The mid-’70s was a potent era for Australian junior power surfing. Banks’s long lean goofyfoot surfing, with its emphasis on clean carves and tubes, stood up well to pressure from supergroms like Cheyne Horan, Tom Carroll, Chris Byrne, Joe Engel, Steve Wilson and others. At 17, in his final high school year, he was arguably the youngest professional surfboard shaper in the country, shaping and surfing for Gordon and Smith, the U.S. label that set up shop in Cronulla in the ’60s. The following year Banks got his big pro break — a shock third place at the Coca-Cola Surfabout at Narrabeen, then the world’s richest pro event. The result drew attention from Ian Cairns and Peter Townend, the entrepreneurial Australian pros who’d set up the Bronzed Aussies, their own tour surf team. Soon the Bronzed ones — known as the BAs for short — had signed up Banks along with Horan as their stake in the young competitive generation.

Jim spent two years with Townend and Cairns at their new home base in Huntington Beach, California, living a gypsy life on tour between BA business tutoring sessions and long winter trips to Hawaii. He spent much of his time in the San Diego area, surfing and hanging out with Windansea’s young champion Chris O’Rourke, or with the George brothers in Santa Barbara. Unlike the hypercompetitive Horan, Banks was less interested in winning than in enjoying the surfing life, and he rarely excelled in contests unless the waves were big, hollow, or both. His hard-charging nature in Hawaii — he made a rep as a kid for tackling Cronulla’s renowned Shark Island reef, backside — won him a Pro-Class Trials in 1980 and brought him into contact with Brian Bulkley, Bruce Hansel, Chris Lundy and the rest of the early ’80s Pipeline underground crew.
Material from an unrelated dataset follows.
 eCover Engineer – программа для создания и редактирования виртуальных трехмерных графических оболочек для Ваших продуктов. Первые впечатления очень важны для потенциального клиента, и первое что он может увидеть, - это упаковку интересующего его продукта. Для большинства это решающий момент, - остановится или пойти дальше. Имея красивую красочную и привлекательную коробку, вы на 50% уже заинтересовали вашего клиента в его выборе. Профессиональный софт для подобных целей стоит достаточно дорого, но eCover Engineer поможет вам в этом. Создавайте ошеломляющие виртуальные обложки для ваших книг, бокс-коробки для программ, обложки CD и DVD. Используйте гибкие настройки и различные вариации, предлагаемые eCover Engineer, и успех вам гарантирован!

By 1980 Banks had left the BAs and headed back to Australia. In 1981 he won his only major tour event, the inaugural OM-Bali Pro, in perfect surf at Uluwatu. He ranked in the elite IPS top 16 in ’81 and ’82, and made an impact again as a shaper and designer in the Cronulla area, creating the swallowtail twins on which Mark Occhilupo first tore into the limelight. Married to Sharon, he more or less quit competition in 1986 and hit the surf-adventurer road, traveling to desert West Australia, Indonesia and Fiji in search of the best and heaviest left barrels he could find. The couple moved to Queensland’s Gold Coast and had two daughters, Rachel and Emily, before ending their marriage in the early 1990s.
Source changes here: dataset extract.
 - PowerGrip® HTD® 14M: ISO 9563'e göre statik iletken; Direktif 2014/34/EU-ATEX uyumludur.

Banks stuck to surfboard making for much of the ’90s, occasionally making forays into Indo tubes: he starred in an Alby Falzon short called
Can’t Step Twice (On The Same Piece Of Water) for Island Records, and showed up to ride the best wave of the free-surf sessions at the first Quiksilver Pro at Grajagan in 1995. In late 1996 he decided to quit the surfboard industry in protest at the toxic chemicals used in their production, and spent some time working on a system of board glassing using natural resins and hemp cloth. Recently he began designing surfboards again using computer design software and shaping machines; he is also involved in designing and marketing a fin system known as Speeed, and leading groups on surf/health/yoga retreats. Today Banks lives on the NSW north coast with partner Manuela and their three children, Rhyand, Leilani and Harley.